#### What is needed:
Pictures stay out of the copy. Transcribe exactly the lines from the line with "而大模型恰好补齐了这块短板,依托强大的逻" through the final line of the records.

[Collection entries]
━━━━━━━━━━━━━━━━━━━━━━━━━━━━━━

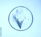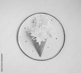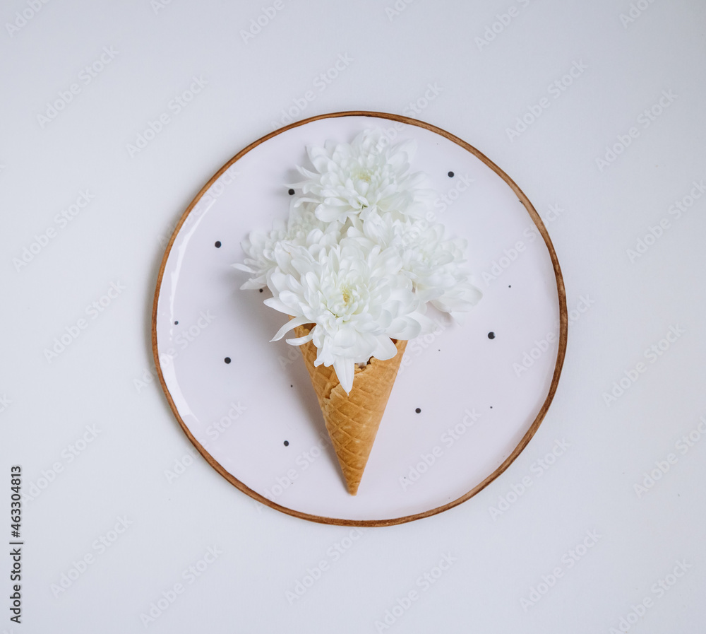 Lovely bouquet flower in ice cream cone on white background. Floral arrangement, flat lay styling. Top view.
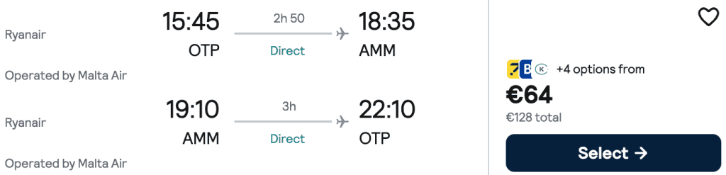 ZBOR: București -> Amman, Preț dus-întors 64€/pers, 1-8 Iun 2026
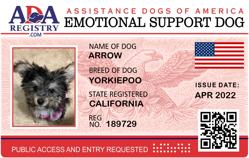 Emotional Support Dog Registration for Arrow
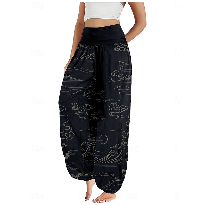 Women's Linen-Inspired Pants Wide Leg Pants Trousers Ethnic Style Casual Boho Full Length High Waist Floral Pocket Elastic Waist Printing Breathability Soft Micro-elastic Outdoor Yoga Forest Green 23
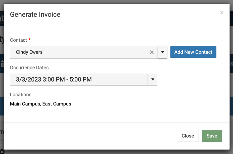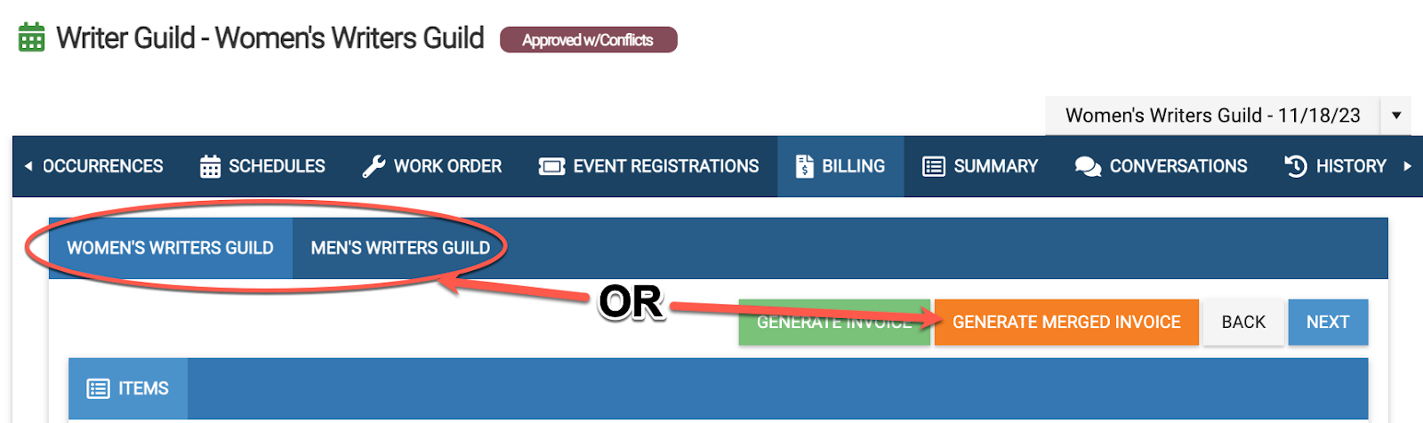 If your event has schedules on it or overridden occurrences, then you can either generate an invoice for each schedule on the event or choose to merge them.
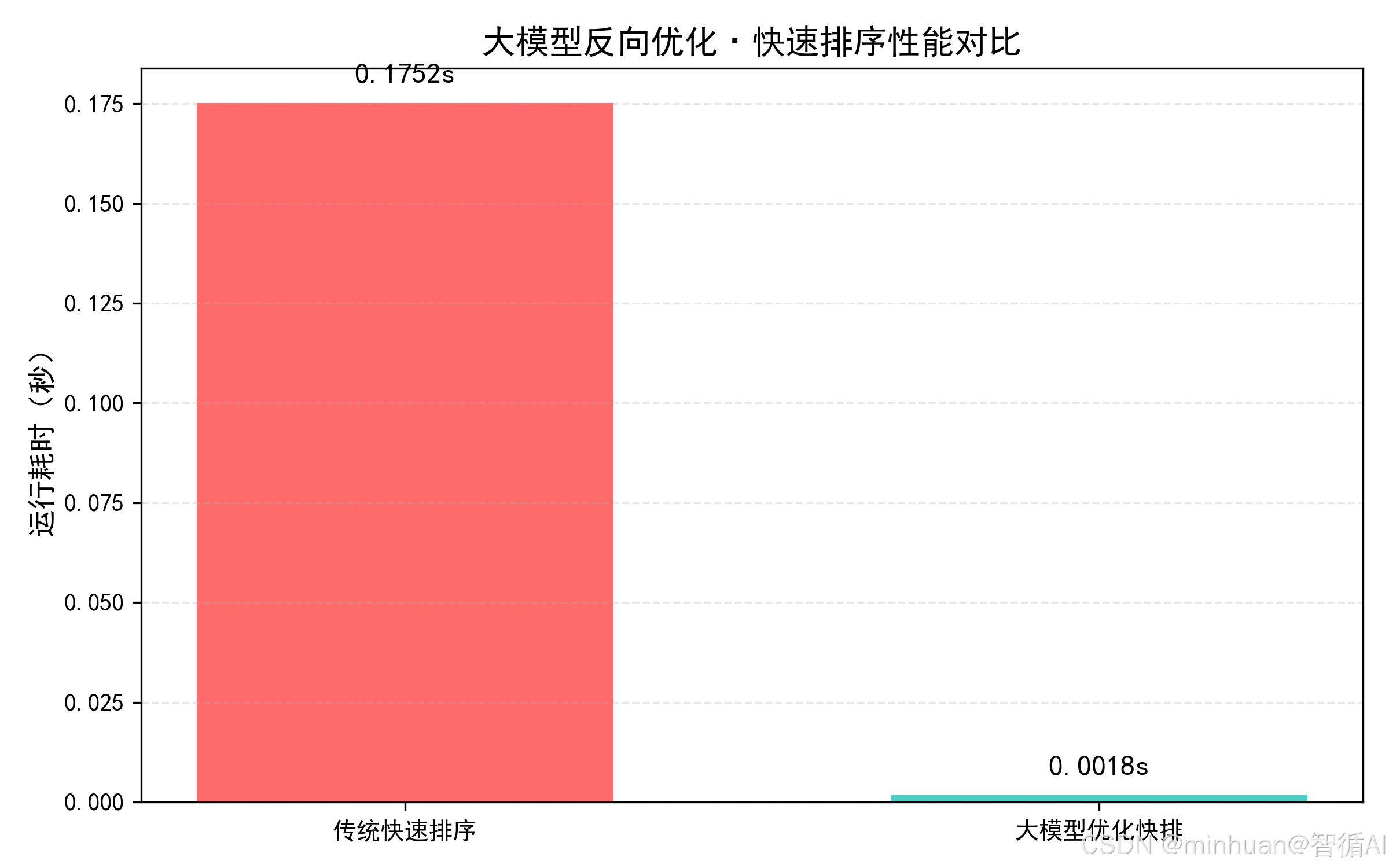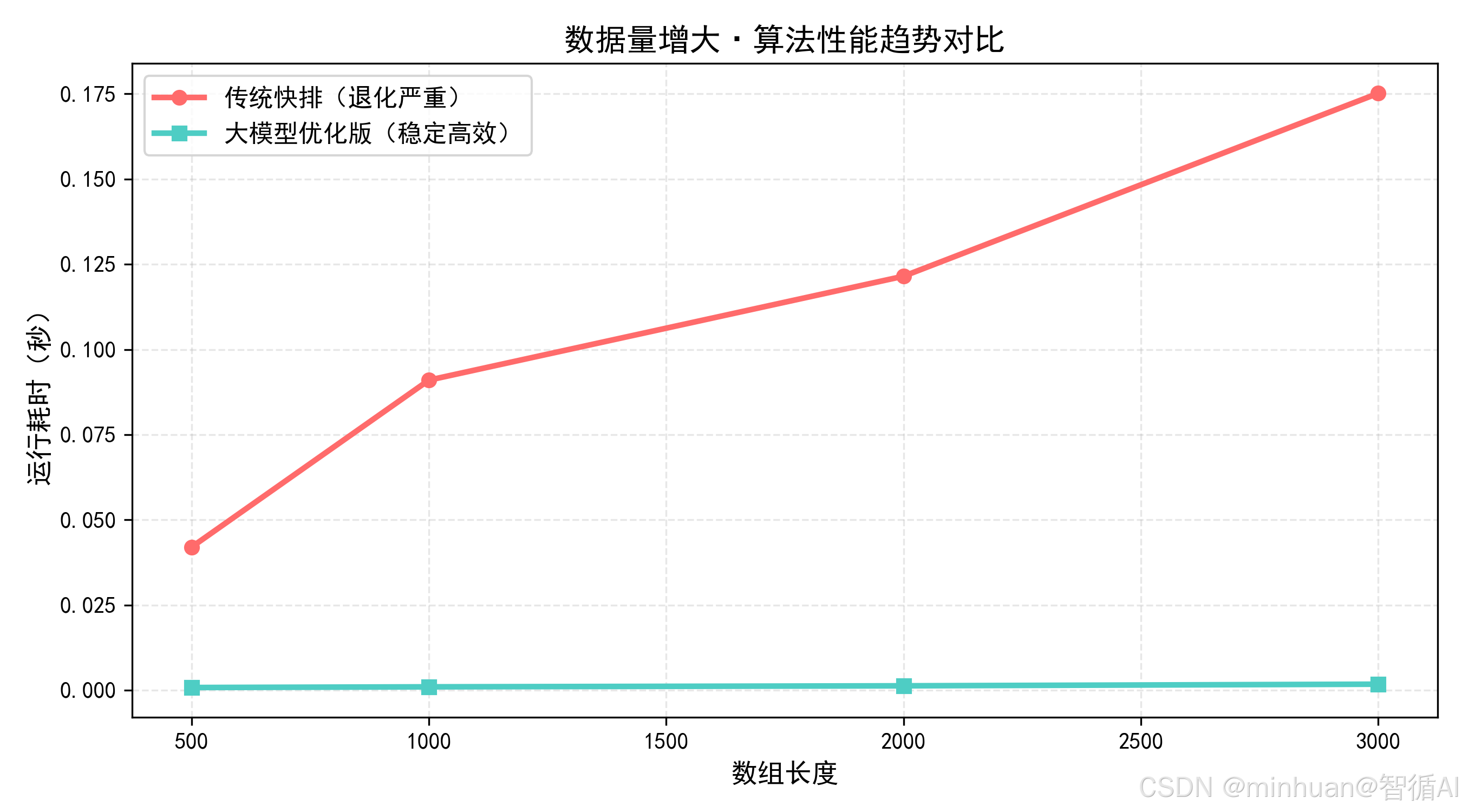 而大模型恰好补齐了这块短板,依托强大的逻辑推理与场景学习能力,自动诊断算法漏洞、溯源问题根源,再通过重构核心逻辑、动态调整参数、优化执行策略,反向迭代升级传统算法。就像本次快速排序的实战案例,原生写法因基准选取缺陷,在有序数据下效率大幅下滑,经过大模型优化后,通过三数取中等轻量化改造,性能实现质的提升,差距直观可见。
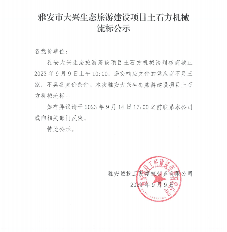 雅安市大興生態(tài)旅游建設(shè)項目土石方機械流標(biāo)公示
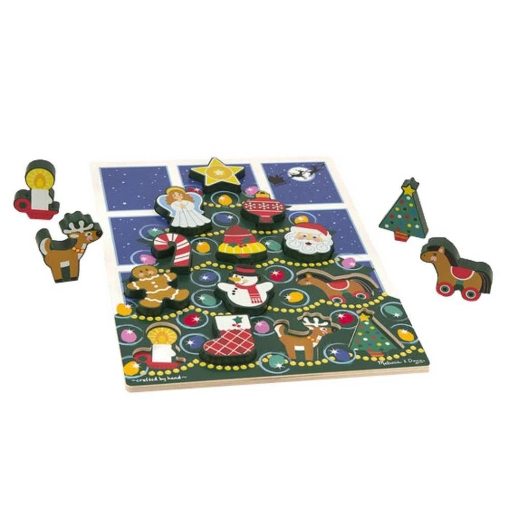 This festive wooden puzzle lets kids trim the Christmas tree again and again! Chunky wooden ornaments fit into the recessed puzzle board, painted with matching artwork to assist beginning puzzlers. The 13 puzzle pieces stand upright for counting and sorting activities too!
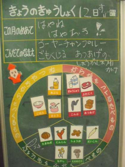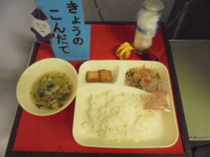 今日の献立は、ゴーヤチャンプルー、五目汁、あつあげのしょうがじょうゆかけ、ごはん、牛乳です。
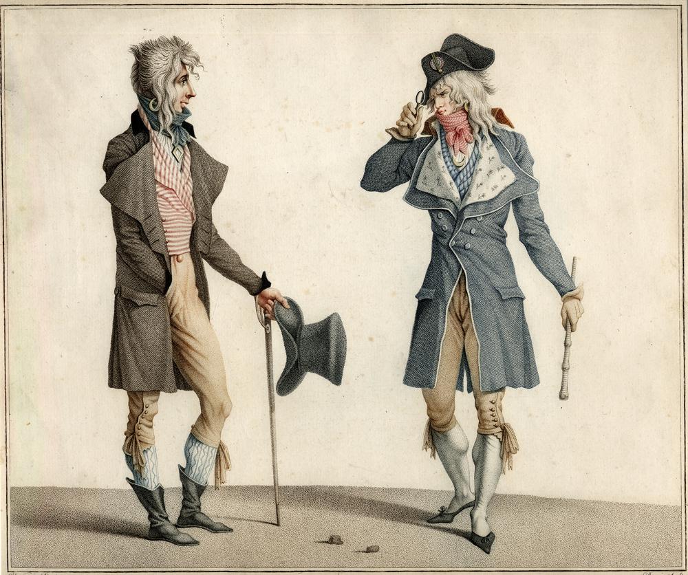 Men sporting felt hats and monocles. Colored illustration (1796) via the British Museum.
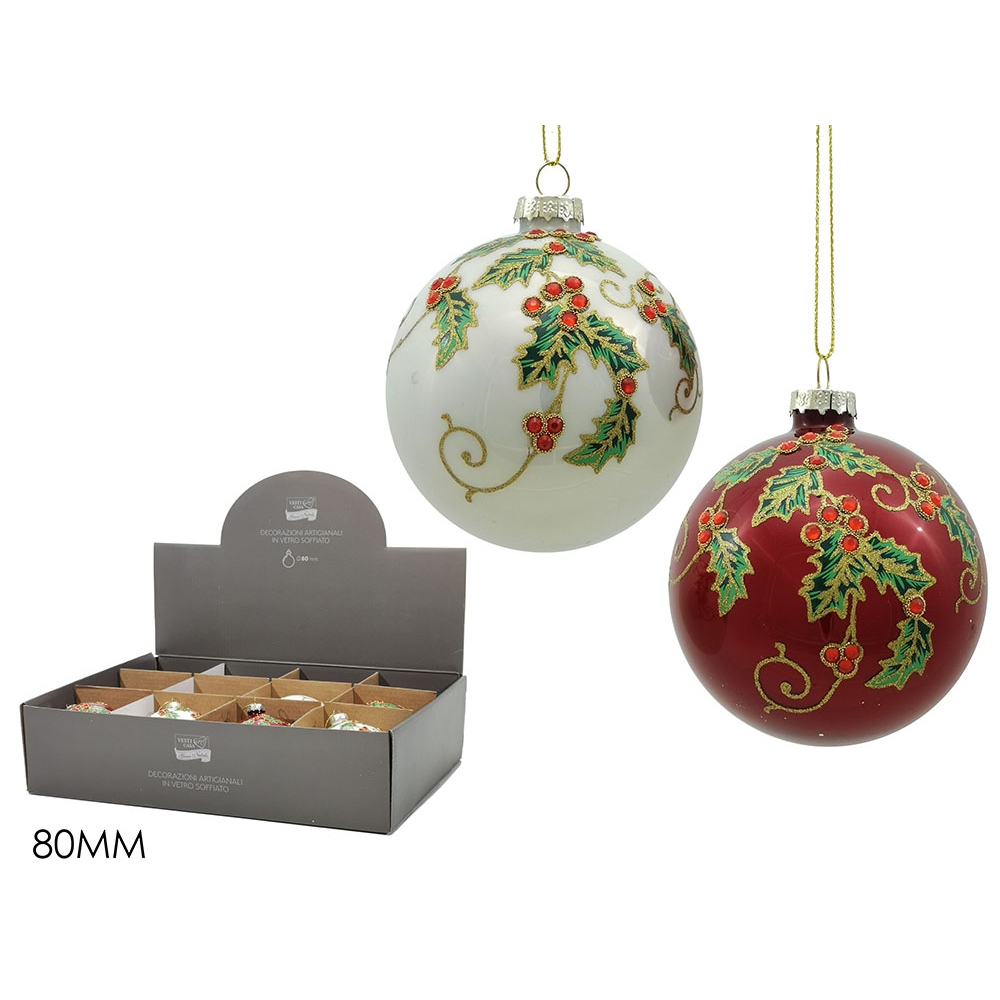 Μπάλα με γκι λευκό/κόκκινο γυαλί Φ8cm σε 2 χρώματα.
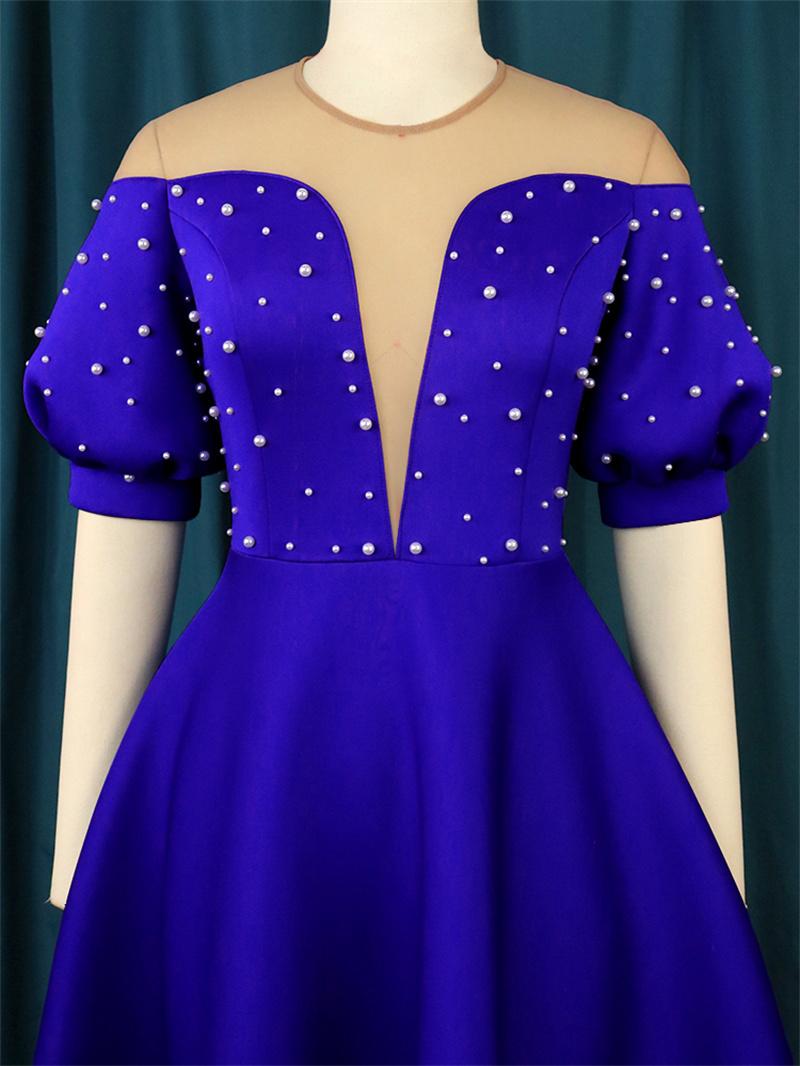 Luxury Tulle Beaded Patchwork A Line Dress for Women,Made of high quality fabric and embellished pearl beads.
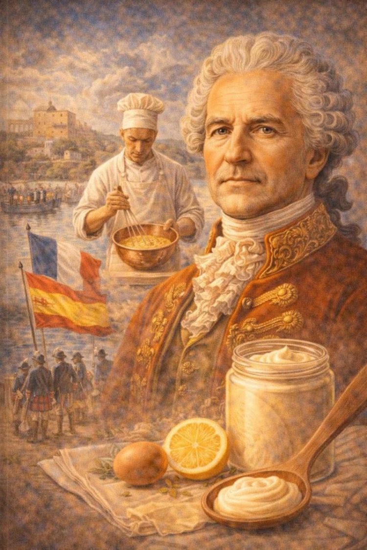 En 1756, el duque de Richelieu, comandante del ejército francés, celebraba una victoria en el puerto de Mahón, en la isla de Menorca. Para el banquete, su cocinero quiso preparar una salsa tradicional, pero se dio cuenta de que no tenía crema.

━━━━━━━━━━━━━━━━━━━━━━━━━━━━━━

#### Exercise answer:
 而大模型恰好补齐了这块短板,依托强大的逻辑推理与场景学习能力,自动诊断算法漏洞、溯源问题根源,再通过重构核心逻辑、动态调整参数、优化执行策略,反向迭代升级传统算法。就像本次快速排序的实战案例,原生写法因基准选取缺陷,在有序数据下效率大幅下滑,经过大模型优化后,通过三数取中等轻量化改造,性能实现质的提升,差距直观可见。
 雅安市大興生態(tài)旅游建設(shè)項目土石方機械流標(biāo)公示
 This festive wooden puzzle lets kids trim the Christmas tree again and again! Chunky wooden ornaments fit into the recessed puzzle board, painted with matching artwork to assist beginning puzzlers. The 13 puzzle pieces stand upright for counting and sorting activities too!
 今日の献立は、ゴーヤチャンプルー、五目汁、あつあげのしょうがじょうゆかけ、ごはん、牛乳です。
 Men sporting felt hats and monocles. Colored illustration (1796) via the British Museum.
 Μπάλα με γκι λευκό/κόκκινο γυαλί Φ8cm σε 2 χρώματα.
 Luxury Tulle Beaded Patchwork A Line Dress for Women,Made of high quality fabric and embellished pearl beads.
 En 1756, el duque de Richelieu, comandante del ejército francés, celebraba una victoria en el puerto de Mahón, en la isla de Menorca. Para el banquete, su cocinero quiso preparar una salsa tradicional, pero se dio cuenta de que no tenía crema.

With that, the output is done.